Questions about another motor protein:
KIF1A was once reported to be monomeric. However, as mentioned recently in this review, the Vale lab cast some doubt on a report from the Hirokawa lab. (for other relevant reviews, see, e.g., here and here.) So I wish to raise the following five questions:
1. Can we determine the stoichiometry and velocity of full-length axonal transporter of synaptic vesicles (ATSV), human ortholog of KIF1A, using AFM in solution (at least in vitro and preferably in non-contact mode)?
2. Or ATSV undergoes monomer-dimer transition like its Caenorhabditis elegans ortholog UNC104?
3. If so, is such transition mediated by K-loop?
4. Does ATSV move along the human microtubule in a K-loop-dependent fashion?

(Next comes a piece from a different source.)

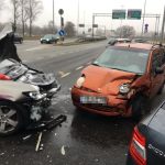 Bielany: zderzenie trzech samochodów. Ranny jeden z kierowców, są utrudnienia

On its putative receptor liprin-α:
5. Is this also the case with human liprin-α?
I have recently noticed a paper demonstrating that Drosophila melanogaster liprin-α is required for synaptic vesicle trafficking.
Now I wish to raise the sixth question: Does D. melanogaster liprin-α bind to DUnc104?

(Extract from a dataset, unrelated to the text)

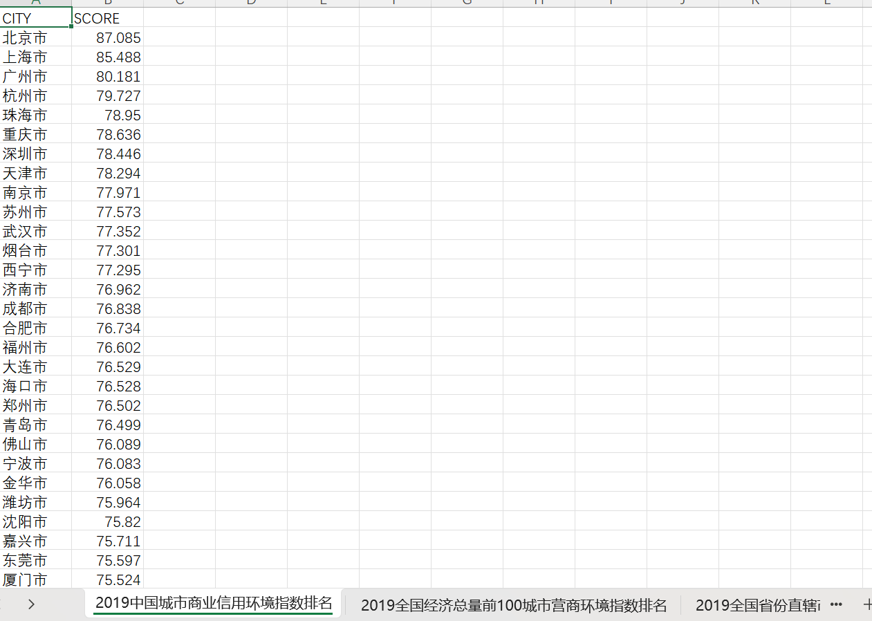 1. 2019中国城市商业信用环境指数排名

I have just noticed this model.
I wish to raise the seventh question: Can we visualize dimeric KIF1A using AFM in solution?
I wish to raise the eighth question: Does full-length murine KIF1A move like an inchworm?
The ninth question: Can we verify the ‘two-door system‘ using AFM in solution?
I have just noticed this paper.
Assuming that we can utilize ATSV/KIF1A bait construct(s), I wish to raise the tenth question:
Is it worth proceeding to perform yeast two-hybrid screening/assay?